• ASSIGNED TASK: Could you copy exactly the lines below, beginning at the line with "3. mcrA基因拷貝數:通過實時PCR測定,顯示104-105拷貝/g dw,與排放速率無線性相關。數據來自Figure" and stopping after the line with "SSG膜層原料是一種功能性水", with no pictures?

• DATA IN THIS EXERCISE:
_ _ _ _ _

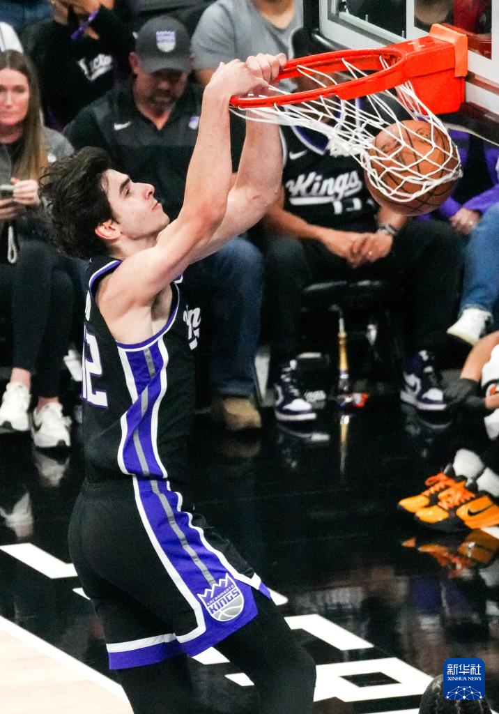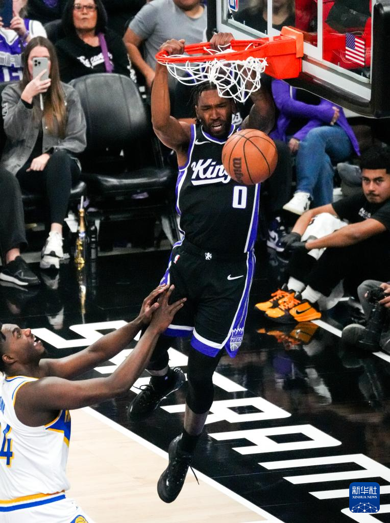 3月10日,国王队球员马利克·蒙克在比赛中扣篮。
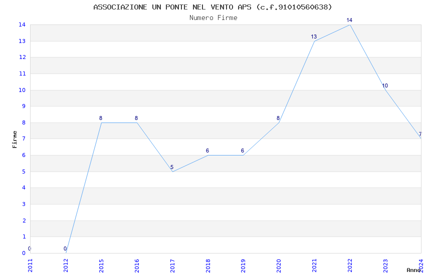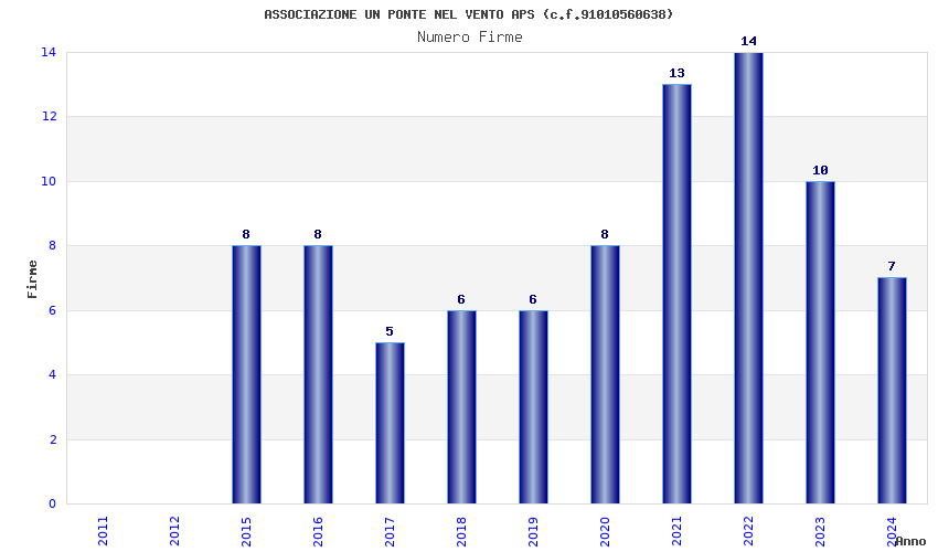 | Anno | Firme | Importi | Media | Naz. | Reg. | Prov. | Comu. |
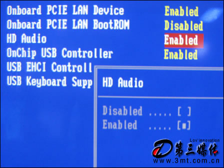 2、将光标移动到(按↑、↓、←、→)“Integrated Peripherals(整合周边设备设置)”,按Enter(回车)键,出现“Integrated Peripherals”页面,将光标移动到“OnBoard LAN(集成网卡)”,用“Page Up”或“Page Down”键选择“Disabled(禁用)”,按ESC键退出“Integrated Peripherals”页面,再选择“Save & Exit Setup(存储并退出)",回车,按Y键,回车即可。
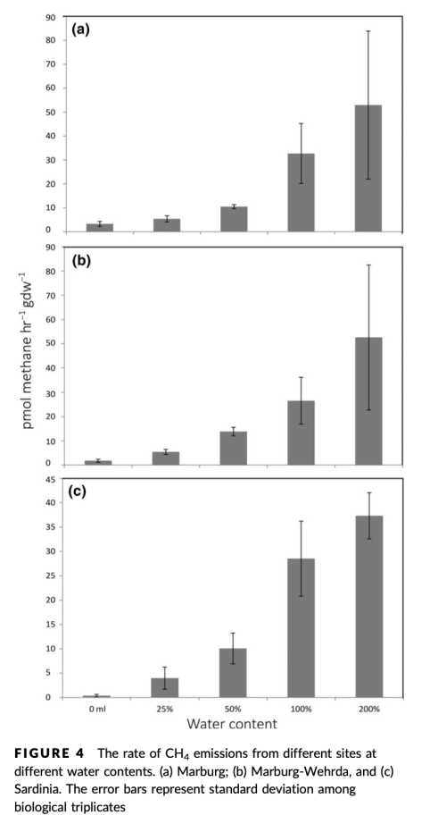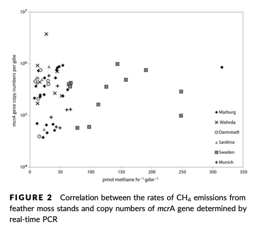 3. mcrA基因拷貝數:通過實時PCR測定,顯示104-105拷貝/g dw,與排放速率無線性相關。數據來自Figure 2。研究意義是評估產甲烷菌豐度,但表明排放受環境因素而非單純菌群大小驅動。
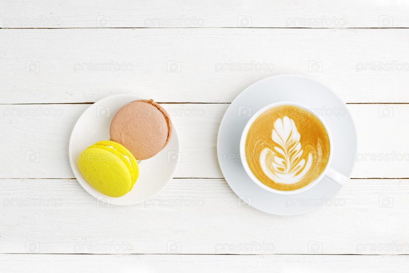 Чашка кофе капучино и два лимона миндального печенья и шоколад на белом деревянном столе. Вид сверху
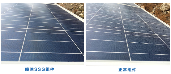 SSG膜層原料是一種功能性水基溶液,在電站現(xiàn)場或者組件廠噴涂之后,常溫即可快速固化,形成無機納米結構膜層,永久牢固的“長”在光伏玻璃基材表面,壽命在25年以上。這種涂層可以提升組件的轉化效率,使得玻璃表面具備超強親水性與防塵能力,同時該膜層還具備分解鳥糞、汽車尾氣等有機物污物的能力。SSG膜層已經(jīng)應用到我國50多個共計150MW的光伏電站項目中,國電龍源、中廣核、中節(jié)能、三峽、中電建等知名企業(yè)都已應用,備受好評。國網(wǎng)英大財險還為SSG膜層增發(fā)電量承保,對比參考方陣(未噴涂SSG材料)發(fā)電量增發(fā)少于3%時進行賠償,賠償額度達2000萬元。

_ _ _ _ _

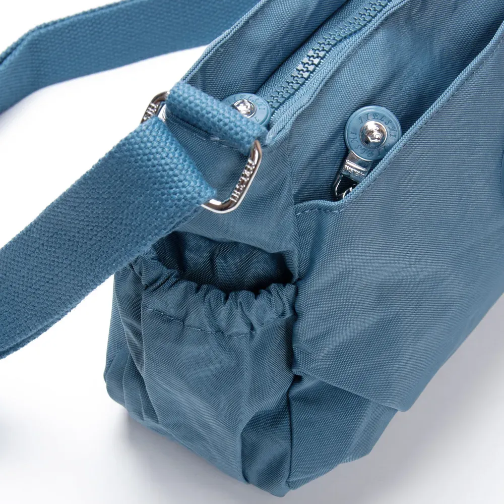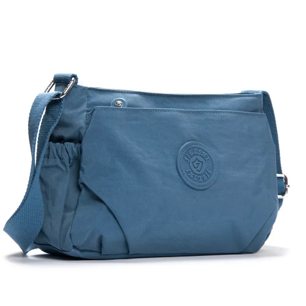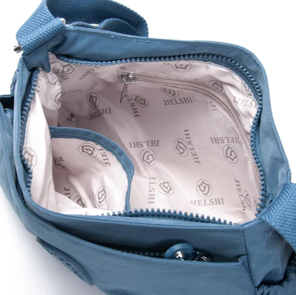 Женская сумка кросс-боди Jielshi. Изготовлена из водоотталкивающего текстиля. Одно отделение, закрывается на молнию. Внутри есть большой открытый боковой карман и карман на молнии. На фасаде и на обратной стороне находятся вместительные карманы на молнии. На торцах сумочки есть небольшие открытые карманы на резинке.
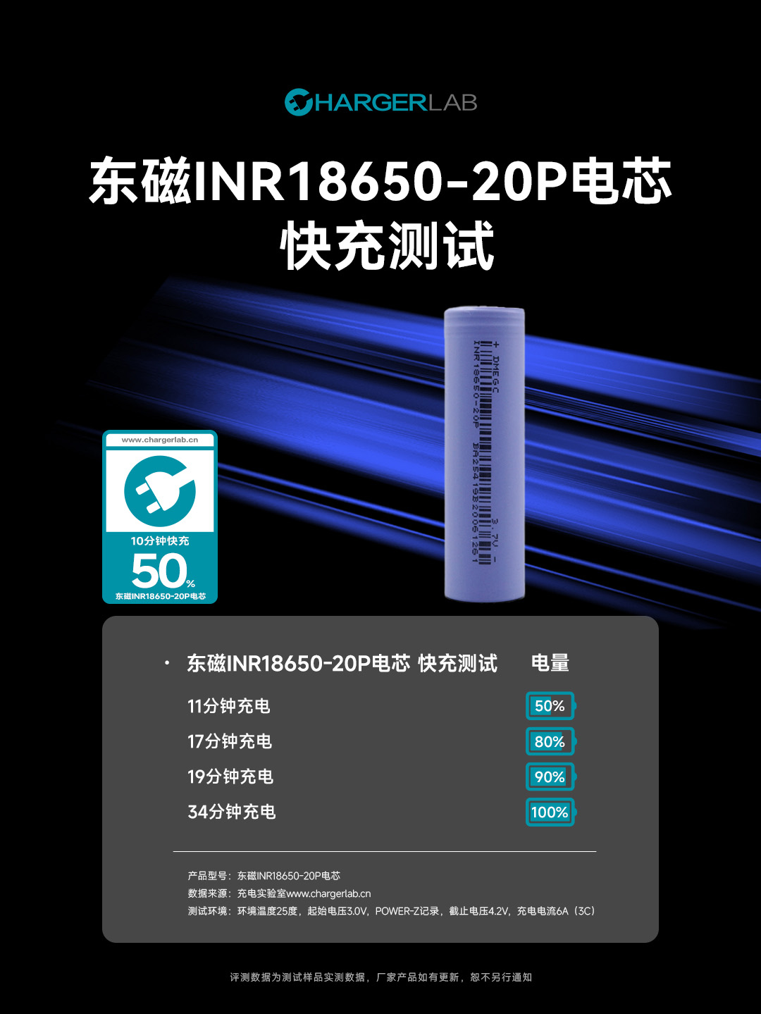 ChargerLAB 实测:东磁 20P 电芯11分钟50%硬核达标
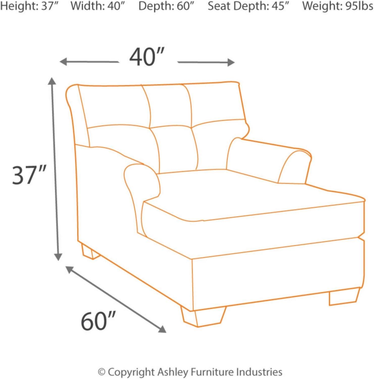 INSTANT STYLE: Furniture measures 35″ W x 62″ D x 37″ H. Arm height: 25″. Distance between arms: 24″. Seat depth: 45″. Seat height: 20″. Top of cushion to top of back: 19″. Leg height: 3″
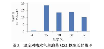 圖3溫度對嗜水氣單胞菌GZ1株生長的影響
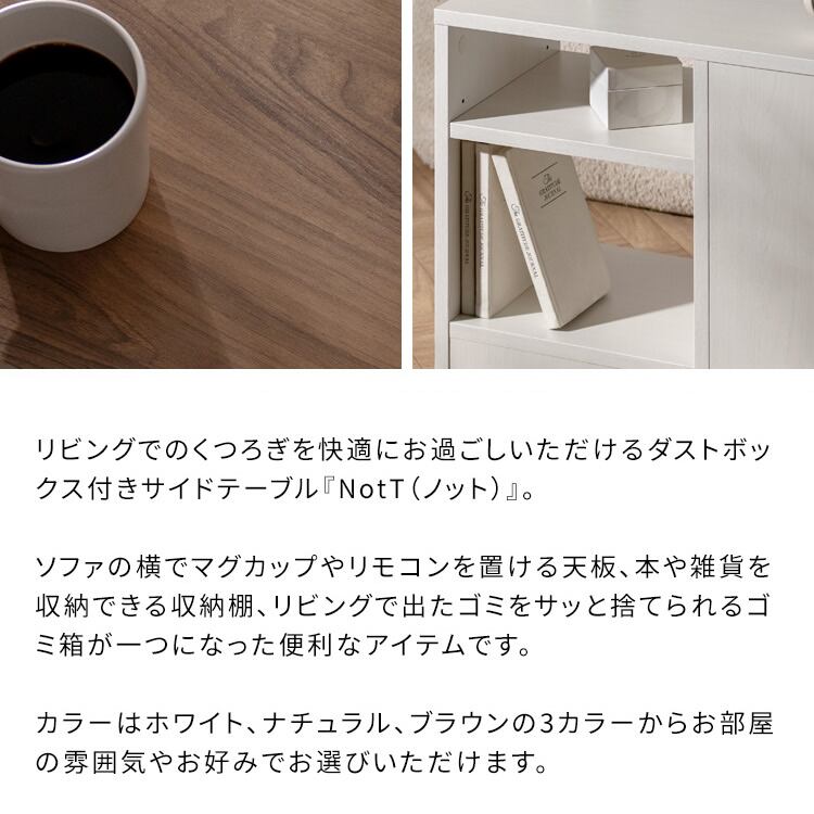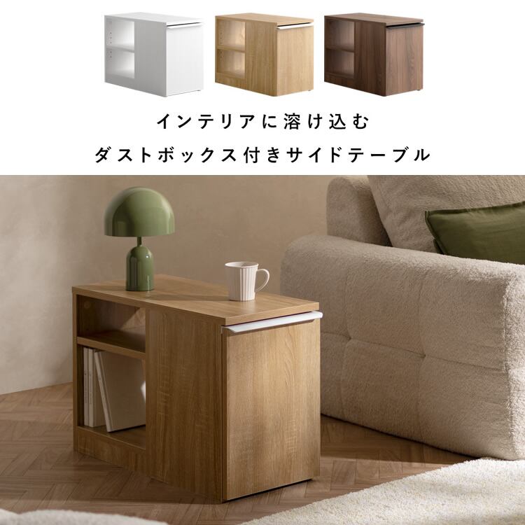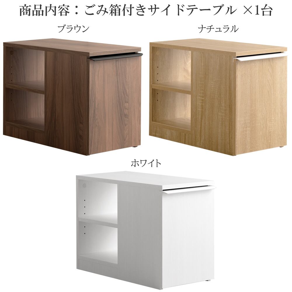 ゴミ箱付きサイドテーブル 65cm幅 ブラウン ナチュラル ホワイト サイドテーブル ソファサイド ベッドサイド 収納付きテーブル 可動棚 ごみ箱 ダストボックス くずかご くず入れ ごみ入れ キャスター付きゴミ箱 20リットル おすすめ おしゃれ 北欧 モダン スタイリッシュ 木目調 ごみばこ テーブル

_ _ _ _ _

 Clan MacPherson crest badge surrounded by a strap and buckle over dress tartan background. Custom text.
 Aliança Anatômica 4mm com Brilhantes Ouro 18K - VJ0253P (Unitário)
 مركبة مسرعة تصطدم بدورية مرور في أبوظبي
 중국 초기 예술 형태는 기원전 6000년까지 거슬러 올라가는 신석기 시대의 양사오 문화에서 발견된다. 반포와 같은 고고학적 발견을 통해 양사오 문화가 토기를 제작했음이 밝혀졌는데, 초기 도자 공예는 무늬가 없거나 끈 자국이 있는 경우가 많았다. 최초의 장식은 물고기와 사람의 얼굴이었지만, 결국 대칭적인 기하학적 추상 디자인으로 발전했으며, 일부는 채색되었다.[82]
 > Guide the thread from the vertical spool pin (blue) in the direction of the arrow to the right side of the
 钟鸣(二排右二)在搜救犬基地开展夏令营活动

_ _ _ _ _

• RESULT OF THE TASK:
 3. mcrA基因拷貝數:通過實時PCR測定,顯示104-105拷貝/g dw,與排放速率無線性相關。數據來自Figure 2。研究意義是評估產甲烷菌豐度,但表明排放受環境因素而非單純菌群大小驅動。
 Чашка кофе капучино и два лимона миндального печенья и шоколад на белом деревянном столе. Вид сверху
 SSG膜層原料是一種功能性水基溶液,在電站現(xiàn)場或者組件廠噴涂之后,常溫即可快速固化,形成無機納米結構膜層,永久牢固的“長”在光伏玻璃基材表面,壽命在25年以上。這種涂層可以提升組件的轉化效率,使得玻璃表面具備超強親水性與防塵能力,同時該膜層還具備分解鳥糞、汽車尾氣等有機物污物的能力。SSG膜層已經(jīng)應用到我國50多個共計150MW的光伏電站項目中,國電龍源、中廣核、中節(jié)能、三峽、中電建等知名企業(yè)都已應用,備受好評。國網(wǎng)英大財險還為SSG膜層增發(fā)電量承保,對比參考方陣(未噴涂SSG材料)發(fā)電量增發(fā)少于3%時進行賠償,賠償額度達2000萬元。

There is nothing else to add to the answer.